Does God play dice with the universe?

The study of physics has had an indelible effect on human affairs and philosophical thinking. The 20th century was no exception as physics experienced two revolutions: Einstein’s theory of relativity and the revolution in our understanding of atoms and other elementary particles. This latter topic is usually called quantum mechanics and the subject is the source of much discussion in philosophical and theological circles since it involves a variety of truly mysterious and paradoxical phenomena.

Chris Orban, who is an assistant professor of physics at OSU, gave us an overview the physical and philosophical thinking that came prior to the advent of quantum mechanics in the early 20th century. As Chris discussed, after Newton and Laplace, the earth and the cosmos were understood to be a kind of “world machine” or “clockwork universe” that operates in a highly predictable way according to the laws of physics. This understanding led many church-goers in the 18th and 19th centuries to an idea of God as a kind of watch maker who created the world and set it into motion, but who may or may not need to intervene as this universe takes the course it was designed to take.

Chris argues that this idea has had a profound effect. By creating a detached and distant picture of God, this would have helped lay the groundwork for the Enlightenment. The “clockwork universe” idea may also have had a strong effect on the past and present reluctance of American audiences to accept evolution as fact. The first American interlocutor of Darwin’s theory of evolution was a Harvard botanist and protestant church member named Asa Gray. In defending Darwin’s theory to religious audiences, he had the unenviable job of explaining that this clockwork universe must have been designed by God from the very beginning to use scarcity and competition as a means for producing biodiversity. “Nature, red in tooth and claw” as Tennyson would say.

Although Einstein was not an especially religious man, he too had an idea that God (or whatever God is) determined the laws of physics at the beginning of time and set the universe in motion. Einstein’s goal was to understand the symmetries of nature so well that he could understand whether God could have made the laws of physics in any other way than they currently are.

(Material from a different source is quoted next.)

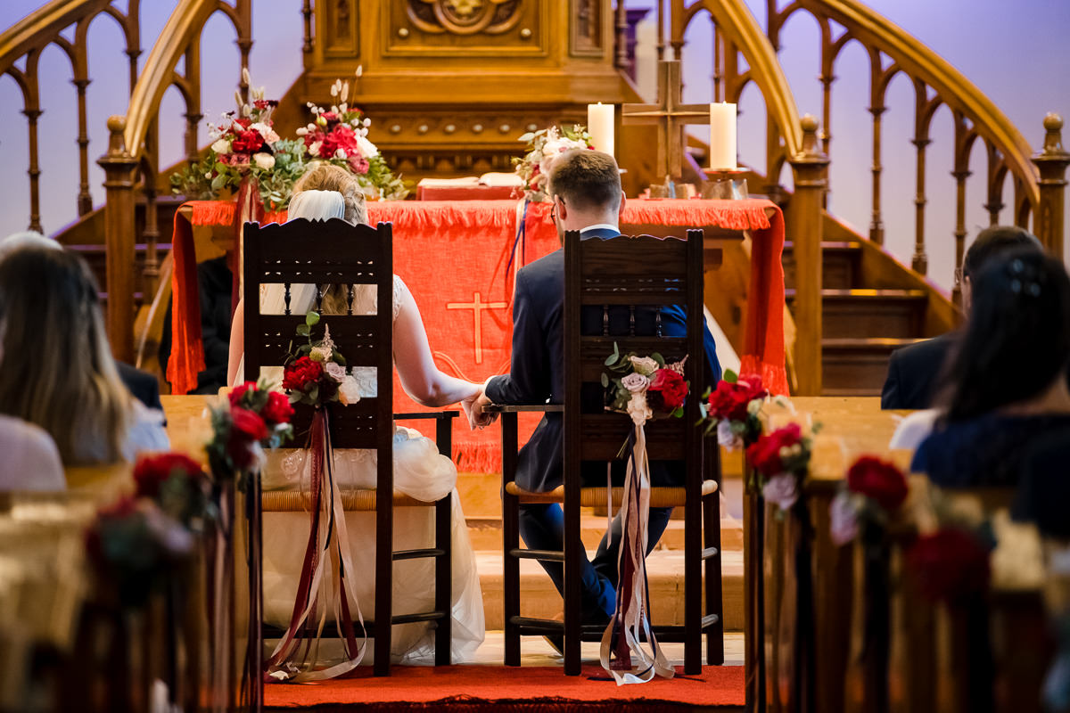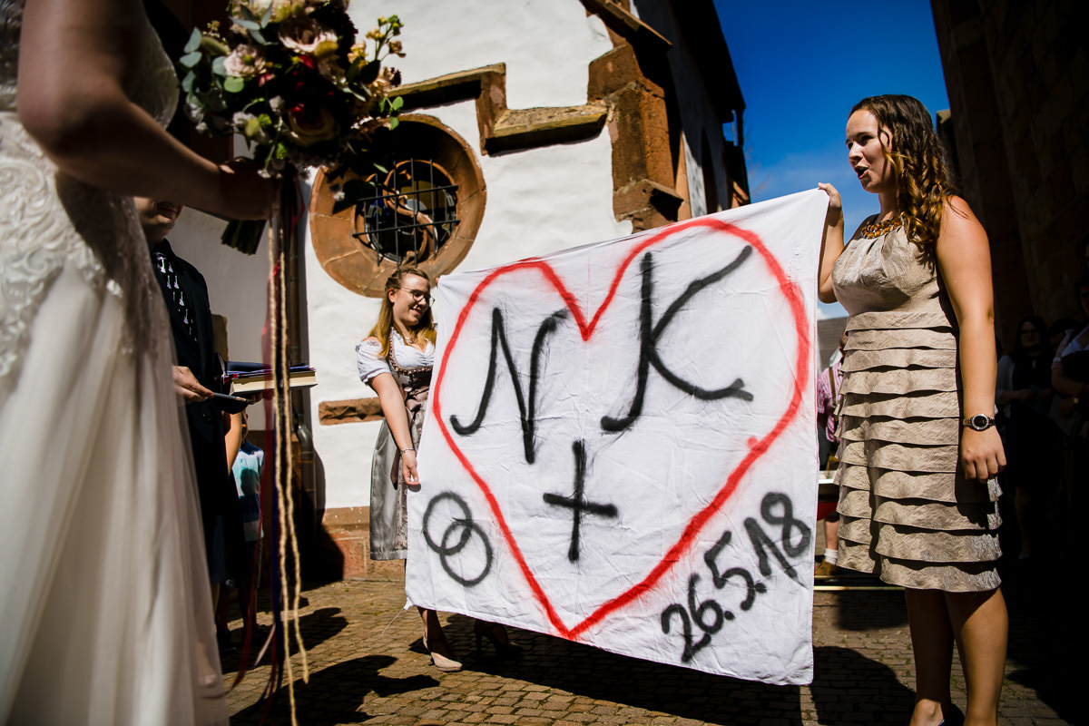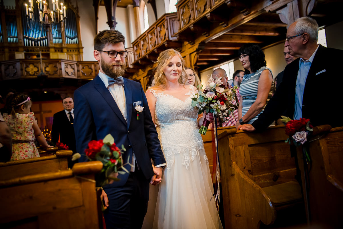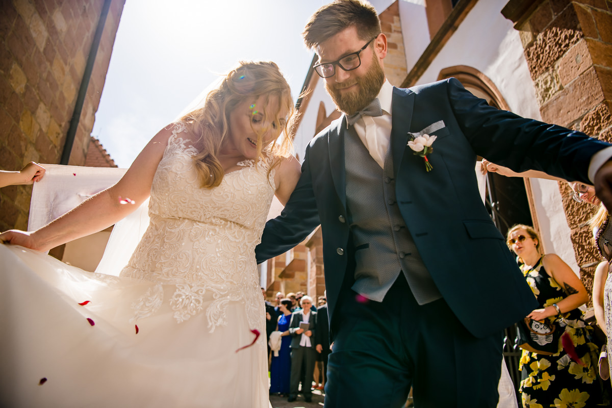 Die kirchliche Trauung fand in der Simultankirche St. Georg in Wachenheim statt. Leider wurde ich durch die Pfarrerin eingeschränkt. Zuerst hiess ich ich dürfe gar nicht fotografieren. Zum Glück konnte ich mich noch einigen, so dass ich zumindest aus bestimmten Perspektiven noch Fotos machen durfte. Eigentlich sehr schade, da ich ein paar Wochen drauf in der gleichen Kirche mit einem anderen Pfarrer keine Beschränkungen hatte. Deswegen zeige ich hier nur wenige Bilder der Trauung. Im Anschluss fand ein kleiner Sektempfang vor der Kirche statt. Bevor es im Anschluss nach Deidesheim ging.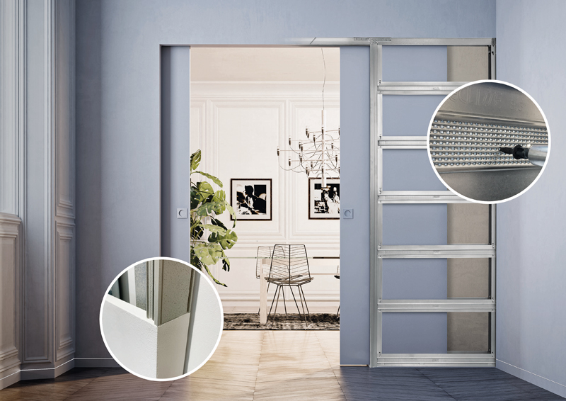 Ebenfalls neu ist die Kunstharzbeschichtung der Profile an den wandbündigen Schiebetürkästen. Diese Beschichtung erlaubt nach Angaben von Eclisse einen rascheren Auftrag der abschließenden Putz- bzw. Gipsschicht auf den Kanten und Flächen des Schiebetürkastens im Bereich der Durchgangsöffnung. Im Vergleich zur Vorgängerversion ist beim neuen Profil eine viel dünnere Gipsschicht erforderlich. Damit reduziere sich die Menge der Spachtelmasse um 80 Prozent und verkürze die Trocknungszeit deutlich, so Eclisse. J

The phrase “God does not play dice!” is attributed to Einstein in a series of discussions he had with the physicist Neils Bohr over the way that quantum mechanics introduces a degree of randomness into the world. Quantum mechanics removes the absolute predictability of the “world machine”. Einstein once said that he found quantum mechanics to be so strange that he spent more time thinking about it than his own theory of relativity. Chris drew from a chapter on Niels Bohr in Richard Rhodes’ The Making of the Atomic Bomb to explain that although Bohr too was not an especially religious man, he dismissed Einstein’s assertion. He argued that the universe can operate however it operates. Decades of subsequent investigation have continued to confirm the notion that the affairs of atoms are intrinsically unpredictable on the smallest scales, which was the scientific basis of Bohr’s response.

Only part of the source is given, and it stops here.